Первый приём пищи, занятия в Оздоравливающей. Вот только к середине урока я вдруг заметила поблизости Кэртиса. Словно споткнувшись о мой взгляд, он поспешил отвести виноватые глаза.

Он не подошёл ко мне в Обеденной.

Несложно было догадаться, о чём думал Синий.

На празднике он попытаться сблизиться со мной, но из этого ничего не вышло. И теперь, должно быть, он не знает, как себя вести.

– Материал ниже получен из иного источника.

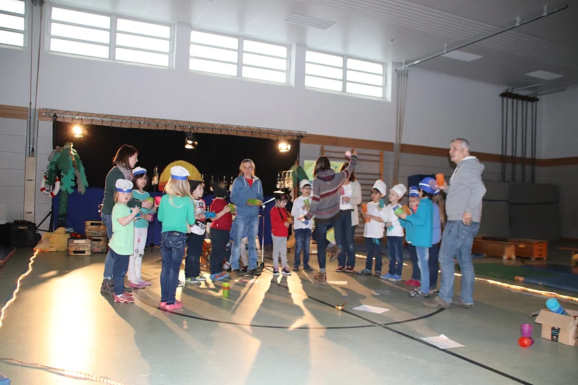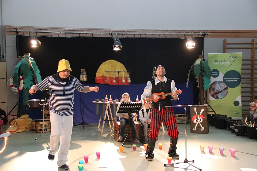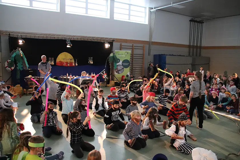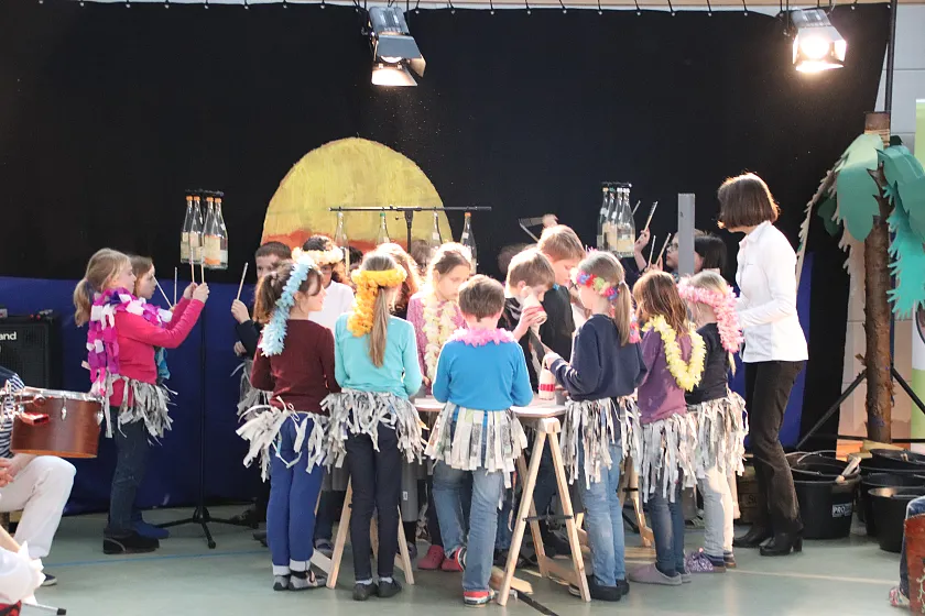 Am letzten Tag vor den Osterfreien hatten wir in Kooperation mit der Musikwerkstatt der Beremer Philharmonikern einen großen Auftritt in der Sporthalle. "Captain Stomp auf großer Fahrt" war das Thema. Zwei Wochen zuvor hatten die Lehrkräfte ein Fortbildung zu dem Thema. Jede Klasse übernahm ein Stück und es wurden Rhythmen ausschließlich auf Alltagsgegenständen, wie Z. B. Flaschen, Abflussrohren und Eimern gespielt.Ein Vormittag kamen Marko Gartelmann und Matthias Endrup vorbei und gaben den einzelnen Klassen noch mal den letzten Feinschliff. Am 16.03.2018 war es dann soweit. Zunächst gab es eine große Generalprobe, bei der alle Klassen noch mal ihren Auftritt Proben konnten. In der Sporthalle war ein großes Schiff als Bühne aufgebaut. Nach der Generalprobe und nach einer kleinen Pause fand dann die Aufführung statt, die wunderschön war und gut geklappt hat.

Кэртис был хорошим парнем. Мне давно пришлось с этим смириться, так что сейчас, глядя в его сторону, я не винила его за случившееся.

Я вообще плохо помнила, что происходило после собрания в Обеденной. Кэртис, кажется, разговаривал со мной о чём-то. Возможно, я сама дала ему разрешение отвести себя на Прогулочную.

Ещё честнее было признаться, что до угрызений совести Кэртиса мне не было никакого дела. Как больше не было никакого дела, о чём спрашивал ин Герм.

Всё это стало абсолютно неважным.

Вчерашний круг со странным праздником ратенмарцев, который не вызывал сильных эмоций отвращения или гадливости, на которые я могла бы рассчитывать в прежние времена, вернул меня в реальность.

На Матере мне казалось, что только я одна вижу всю правду происходящего. Я смотрю в лица ратенмарцев, каждый из которых повинен в чьей-то прошлой или будущей смерти. И если их собственные руки не измазаны в живой крови невинных, то только потому, что от них требовалось исполнение другого долга, который рано или поздно всё равно должен привести к неминуемой гибели живого существа.

Все они на Матере были подлыми лжецами. Только я, только я одна, не виновная ни в чьих страданиях, заслуживала спасения. Но не остальные.

Не они. В них не было ничего достойного пощады.

Зигма тоже показалась обителью зла. Тот же невыносимый уклад, где моё место снова оказалось самым жалким из всех. Здесь все жили лучше, чем я, несмотря на то, что я одна была достойна лучшей участи. Ведь это я была жертвой.

Но было ли всё именно так, как мне казалось?

С точки зрения прежней Юны правда выглядела более чем очевидной - но существовала и другая Юна. Эта глупая Хранящая, чьё сердце дрогнуло, когда неизвестный Синий целовал лоб погибшей девочки, и которая позволила речам обманщиков о тяжёлой участи всего народа проникнуть в душу, эта Юна вдруг увидела какую-то странную параллельную реальность. Словно оказалась по другую сторону кривого зеркала.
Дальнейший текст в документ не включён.